Para peneliti juga mendeteksi kemungkinan adanya natrium dan mengamati tanda-tanda kuat adanya awan di atmosfer HAT-P-18 b, yang tampaknya membungkam sinyal dari banyak molekul yang ditemukan di dalamnya. Mereka juga menyimpulkan bahwa permukaan bintang ditutupi oleh banyak titik gelap yang dapat mempengaruhi interpretasi data secara signifikan.
Analisis sebelumnya terhadap data JWST yang sama yang dipimpin oleh tim di Universitas Johns Hopkins juga mengungkapkan deteksi yang jelas terhadap air dan CO2, tetapi juga melaporkan deteksi partikel kecil di ketinggian yang disebut kabut dan menemukan petunjuk adanya metana (CH4). Para astronom iREx memberikan gambaran berbeda.
Deteksi CH4 belum terkonfirmasi, dan kelimpahan air yang mereka tentukan 10 kali lebih rendah dibandingkan temuan sebelumnya. Mereka juga menemukan bahwa deteksi kabut pada penelitian sebelumnya bisa saja disebabkan oleh bintik bintang di permukaan bintang, sehingga menyoroti pentingnya mempertimbangkan bintang dalam analisis.
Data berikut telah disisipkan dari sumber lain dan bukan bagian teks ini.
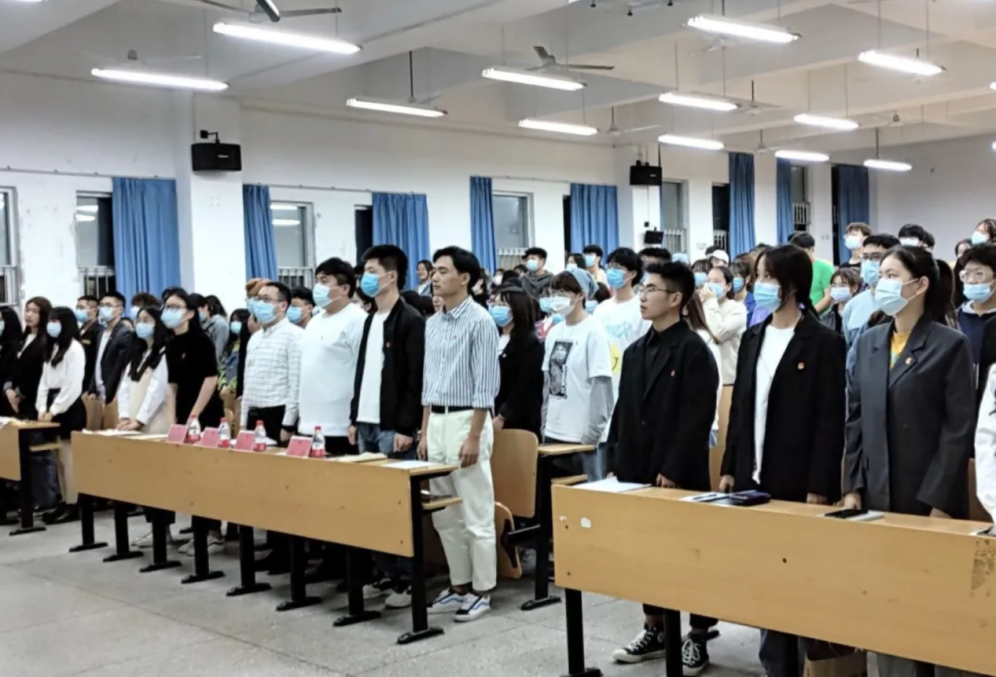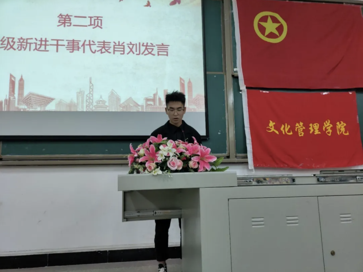 典礼开始,全体起立,奏唱国歌。典礼在雄壮的歌声中拉开帷幕。2020级新生肖刘同学代表新进干事发言。他认为,作为员工干部,应该具有较高的政治觉悟和思想品质、较强的专业素质和知识结构、较好的人为处事综合能力、较优的心理素质以及团队观念。我们作为新时代的中国青年,要以马克思主义为指导,勤奋学习、统筹兼顾,用实际行动证明自己,珍惜此次学习机会,在接下来的干部培训班中学有所获。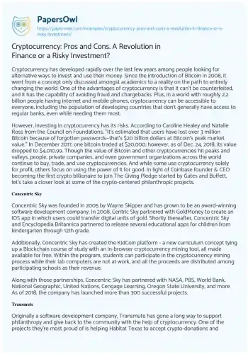 Cryptocurrency: Pros and Cons. A Revolution in Finance or a Risky Investment?. (2023, Jun 17). Retrieved from https://hub.papersowl.com/examples/cryptocurrency-pros-and-cons-a-revolution-in-finance-or-a-risky-investment/
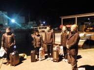 3日間の修学旅行を楽しんだ子どもたちは10時前に島浦に帰ってきました。この冬一番かと思うくらいの寒さでしたが、家族や職員が港で迎えました。子どもたちは多少疲れたようすもありましたが、一人ずつ感想を述べ、、最後に引率者を代表して校長先生があいさつをされました。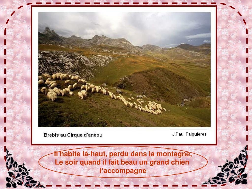 Il habite là-haut, perdu dans la montagne, Le soir quand il fait beau un grand chien l’accompagne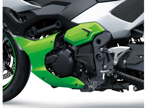 As a next-generation Supernaked model, the Z7 Hybrid combines aggressive Z styling with a clean, high-class image befitting the world’s first* strong hybrid motorcycles. Riders will delight in the care given to the rider interface, from the relaxed, sporty riding position to the full-colour TFT instrumentation with smartphone connectivity, and intuitive switchgear layout. *Mass production models (excluding scooters) from a major power sports manufacturer as of October 6, 2023, per Kawasaki Motors, Ltd. research.
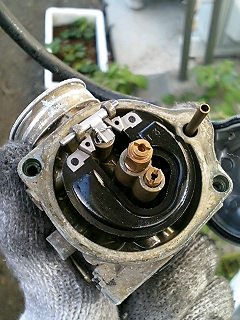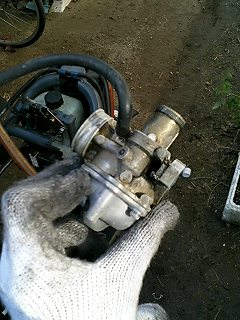 取り外したキャブレターです。まだちょっと汚いですが、とりあえず分解してみます。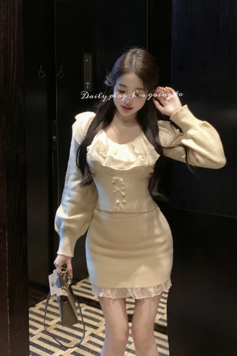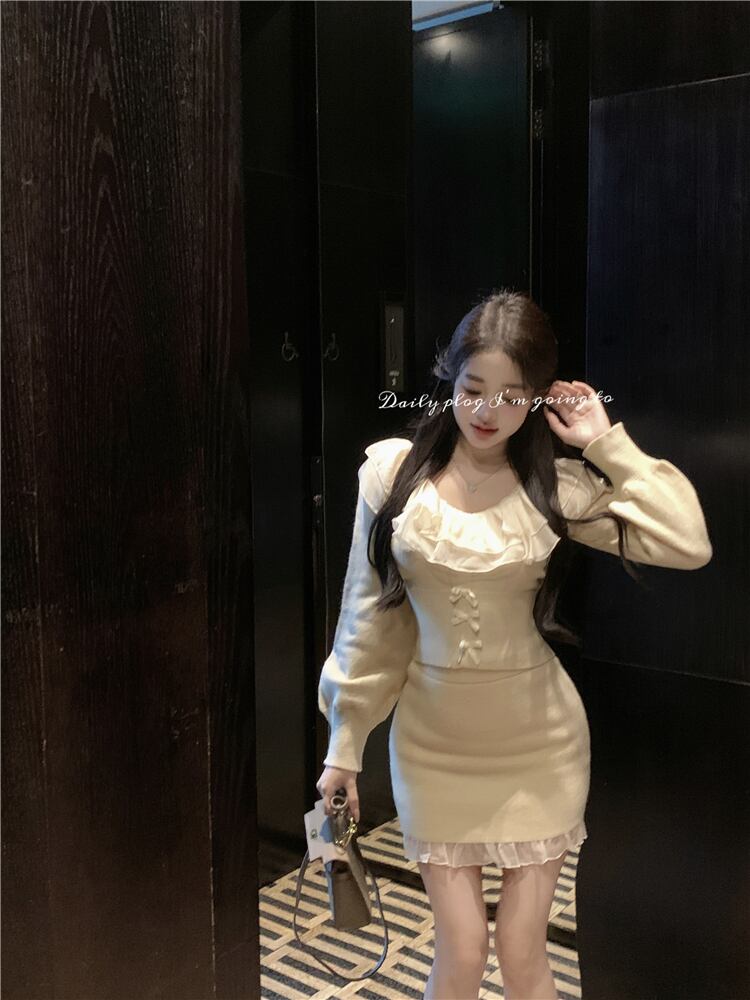 フレンチホットガールズスーツ秋フリルエッジ U ネックニットシャツウエストラップヒップミニスカート 2 点セット オータム 秋物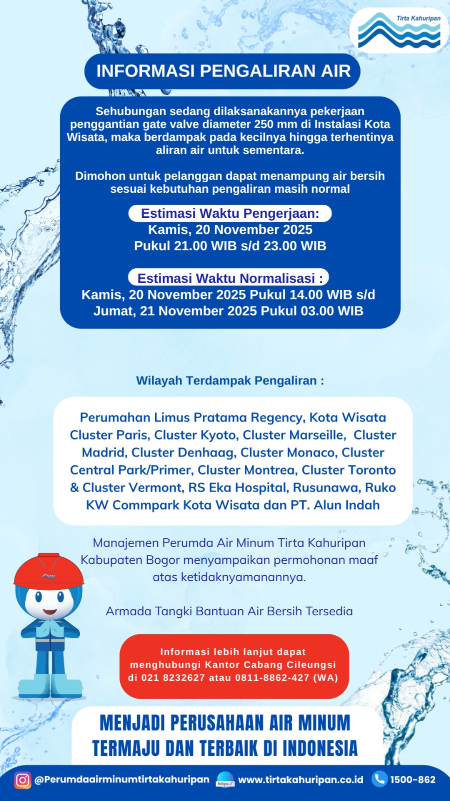 [CAB. CILEUNGSI] INFO PENGALIRAN AIR 20 NOVEMBER 2025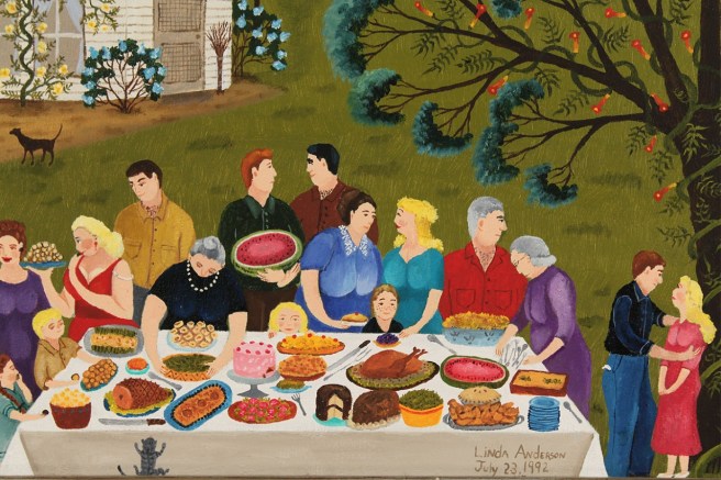 Great picnic art! I grew up in L.A. and we had picnics on the beach, where sand was often on the menu, giving a whole new meaning to the word “sandwich.” Sandwiches, potato chips, and grape soda—those seem like picnic food in my somewhat foggy memories of childhood. And my mom always brought apples or grapes, which were (and still are) her definition of dessert.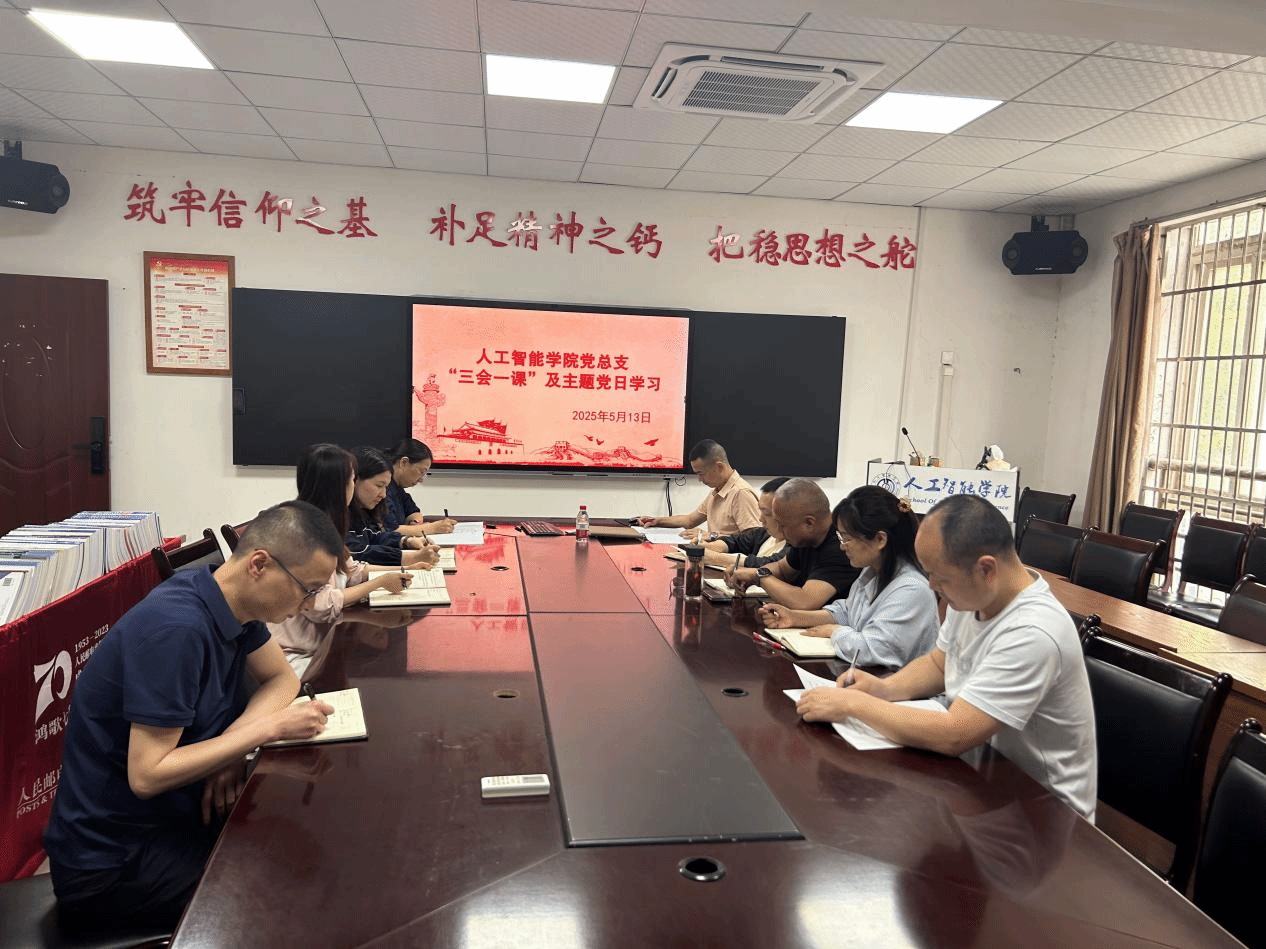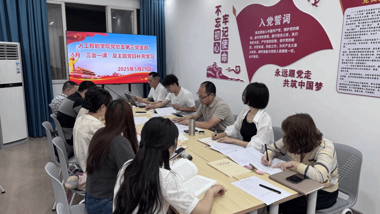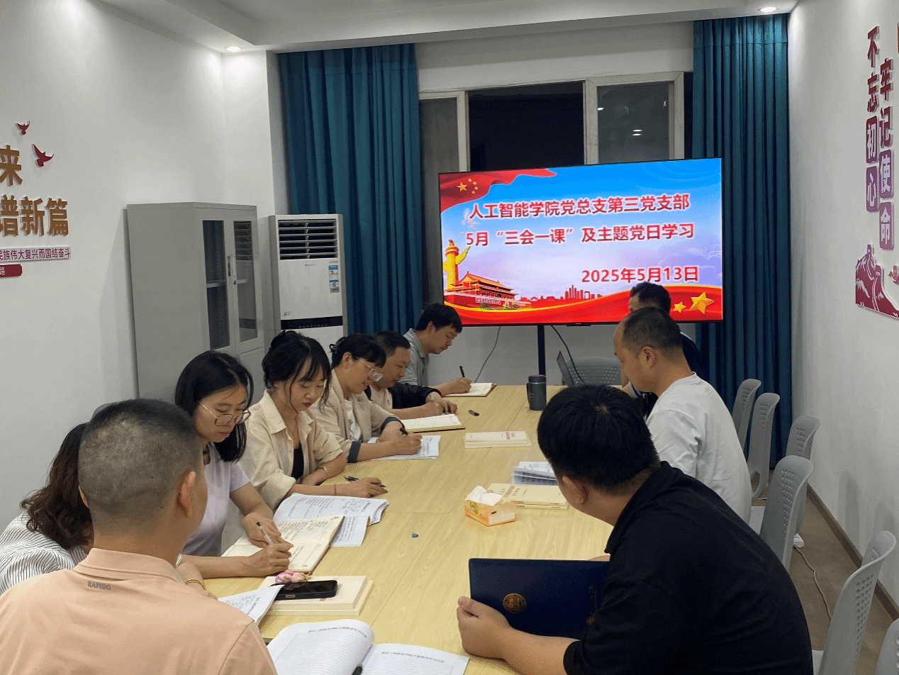 2025年5月13日,人工智能学院第二党支部在信科楼503会议室召开5月三会一课和主题党日学习,支部9名党员参加,本次会议由支部书记雷蕾主持。支部宣传委员张安汤组织与会人员认真学习了“《习近平关于加强党的作风建设论述摘编》专题三:作风问题核心是党同人民群众的关系问题”、“中央八项规定及其实施细则”、“中央八项规定精神相关制度规定-《关于解决形式主义突出问题为基层减负的通知》”、“纪言:八项规定改变中国”、“中共中央办公厅国务院办公厅关于加快构建普通高等学校毕业生高质量就业服务体系的意见(...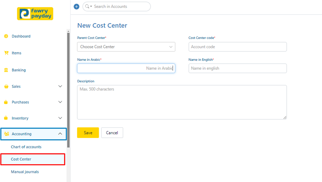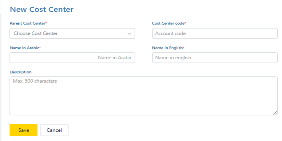 · Name in Arabic: write the cost center name in Arabic.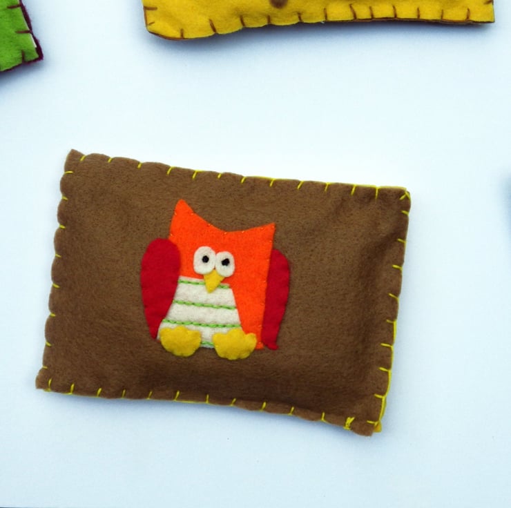 Each bean bag is made of felt with a cotton lining. They are filled with rice and securely stitched.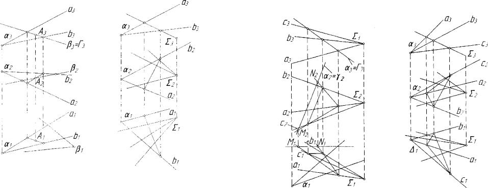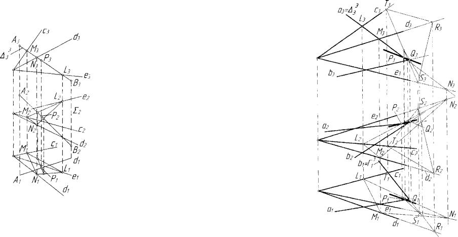 В этом случае одна из проекций прямой пересечения уже есть. На рисунке 4.29 эта проекция совпадает с проекцией 273 гиперплоскости 27. Остальные проекции строятся по точкам пересечения с прямыми а и b плоскости а(а, Ъ).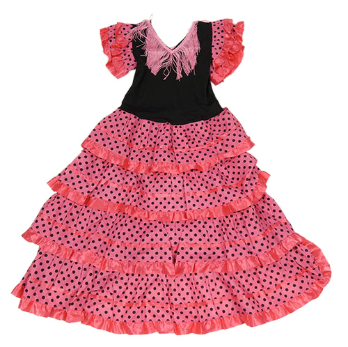 Kostým - Růžovo-černé vrstvené šaty s puntíky a třásněmi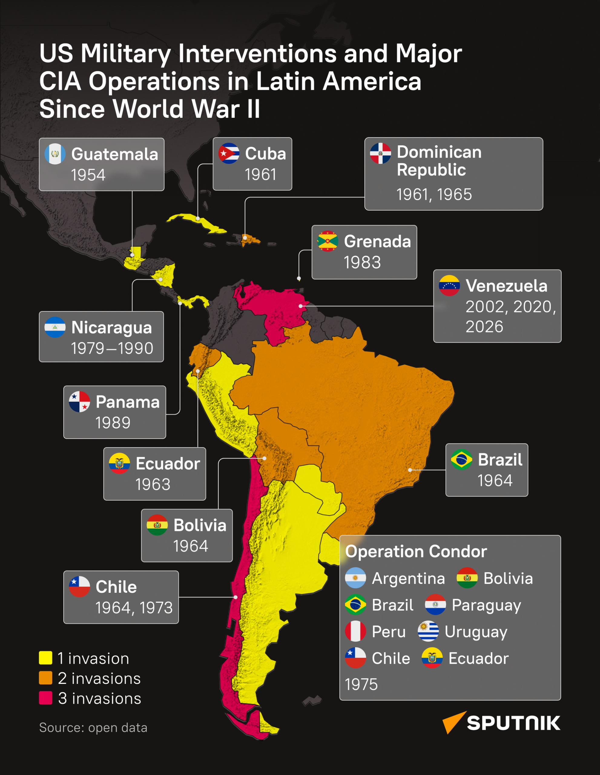 Pozrite si infografiku Sputniku, kde nájdete podrobný prehľad amerických intervencií a hlavných operácií CIA v Latinskej Amerike:

Bisakah planet ekstrasurya mendukung kehidupan? Tidak mungkin. Meskipun molekul seperti air, karbon dioksida, dan metana dapat diartikan sebagai tanda biologis, atau tanda-tanda kehidupan, dalam rasio tertentu atau dalam kombinasi dengan molekul lain, suhu terik HAT-P-18 b yang mendekati 600 derajat Celcius bukanlah pertanda baik bagi kehidupan. kelayakhunian planet ini.
Pengamatan di masa depan dari instrumen JWST lainnya, Near Independent Spectrograph (NIRSpec), menjanjikan untuk membantu menyempurnakan hasil tim, seperti deteksi CO2, dan menjelaskan lebih banyak lagi seluk-beluk planet ekstrasurya Saturnus yang panas ini.